Tutorial 3 bilde 4.jpg
Step 3: Upload your data to the Anzo server
Upload the data on Kindergarten coverage and sick leave. This task should be familiar by now, so we won’t go into details.

Step 4: Creating the view in Anzo on the web

  • Log in to Anzo on the web.
  • Create a new view.
  • Add the correct data set.
  • Add the data types “Kindergarten coverage” and “Sick leave”.

  • Create a new lense
  1. Make a lense from the chart template
  2. Give it an appropriate name
  3. Add three series:
    i. One about Kindergarten coverage
      a.Use Kindergarten Coverage -> Municipality, County, Name as label
      b. Use Kindergarten Coverage -> Use Kindergarten Coverage as value
      c. Use the same as step 1 as Group by
      d. Select Avg instead of Value in the drop down box
      e. Select Line as type in the Plot-tab
    ii. One about women sick leave
      a. Use Sick leave -> Municipality, County, Name as label
      b. Use Sick leave -> Women sick leave as value
      c. Use the same as step 1 as Group by
      d. Select Avg instead of Value in the drop down box
      e. Select Bar as type in the Plot-tab
    iii. One about men sick leave
      1. Basically the same as women

  • Now, we want to stack the bars.
  1. In the Properties-dialog select Axes
  2. In the Y Axis, select Stacked as scale-mode
  3. Press Save

Following all these steps should give you this graph:

Tutorial 3 bilde 8.JPG
Quite similar as that we found from www.anychart.com, as you may see.

Next big problem!!

Now we have a nice view of the correlation between sick leave and kindergarten coverage.
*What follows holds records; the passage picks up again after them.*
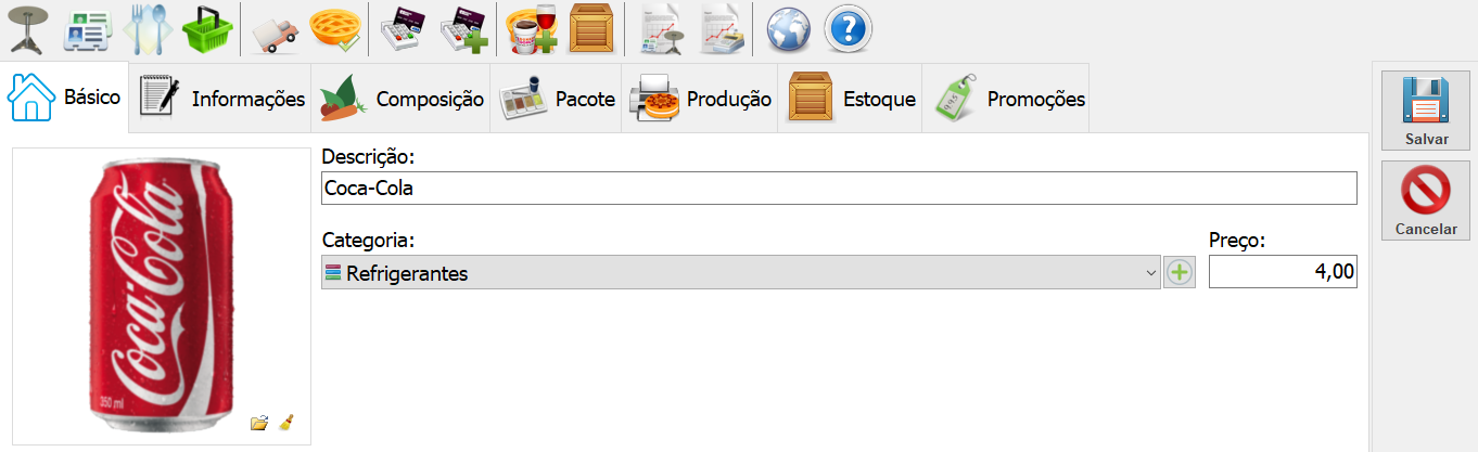 Vá na aba “Produtos”, clique em criar novo produto, informe o nome da promoção e o valor, na aba composição habilite a opção “Informar Composição” e clique em salvar.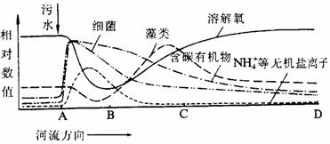 下图是河流生态系统受到生活污水(含大量有机物)轻度污染后的净化过程示意图。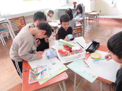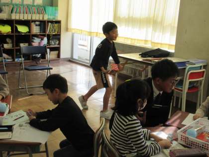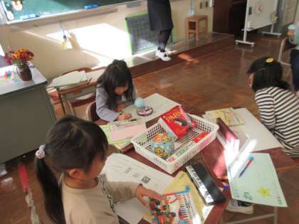 1年生は、かたちマスターを目指しています。形の特徴を触ったり、動かしたりして確かめています。
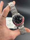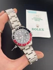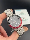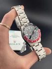 The Rolex GMT-Master II Reference 16710, manufactured in 1997, is a timepiece that seamlessly blends functionality and iconic design. This 40mm watch features a classic black dial, combining versatility with a touch of sophistication. In impeccable working condition and accompanied by its original box and papers, this Rolex GMT-Master II is a collector's dream. We are proud to offer 2 years of warranty with all of our purchases. Please feel free to reach out if you have any questions! The black dial of the Rolex GMT-Master II 16710 provides a sleek backdrop for the luminescent hour markers and hands, ensuring optimal legibility in any lighting condition. The 40mm stainless steel case and iconic red and blue "Pepsi" bezel exemplify Rolex's commitment to durability and distinctive design. The GMT function, with the additional 24-hour hand, makes this timepiece ideal for globetrotters. Powered by a reliable automatic movement, this Rolex GMT-Master II from 1997 stands as a timeless representation of Rolex's horological expertise. Condition: Case: 10/10 Flawless Bezel: 9/10 Has slight mark between 13:00/14:00 Bracelet:: 9/10 Very good, no scratches, barely any stretch Clasp: 10/10 Flawless Dial: 10/10 Flawless Hands: 10/10 Flawless Crystal: 10/10 Flawless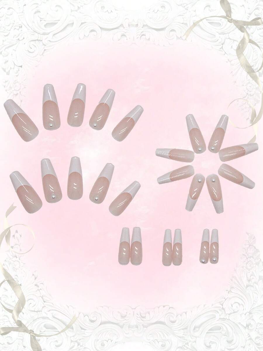 Sweetness 24 Stücke Lang Sarg Französische Stil Kunstnägel & 1 Stück Nagelfeile & 1 Blatt Band
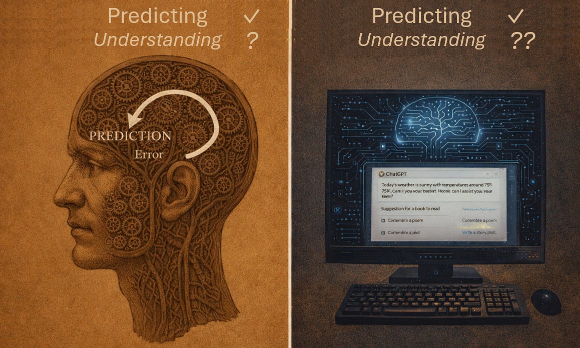 Seen in this light, the claim that AI systems “only” predict plausible continuations begins to look less like a decisive limitation and more like a shared foundation. If understanding consists in having a generative model that supports reliable future-oriented prediction, then the relevant question is not whether AI predicts, but how well it predicts, across what domains, and under what constraints.

For now, it seems like the correlation is rather non-existent, but we have of course too little data to draw any conclusions. (These tutorials are never meant to be exhausting enough to say anything meaningful, just showing the steps to how to build nice graphs which could say something meaningful).

But what if we just want to take a look at one quarter at time? And also, a quarter just for one year! Can we do this?

  • Lets add a filter, The title could be "Quarter". The property should be Sick leave -> Year and quarter -> Quarter.
  • Select a quarter from the new filter left hand. For instance quarter number 3. The graph will now look like this:

Tutorial 3 bilde 9.JPG

As you can see, the data for Kindergarten coverage is missing! The filter removes everything which does not have anything to do with the Municipality-Quarter.We have a solution for this one as well, stay tuned for Tutorial 4. 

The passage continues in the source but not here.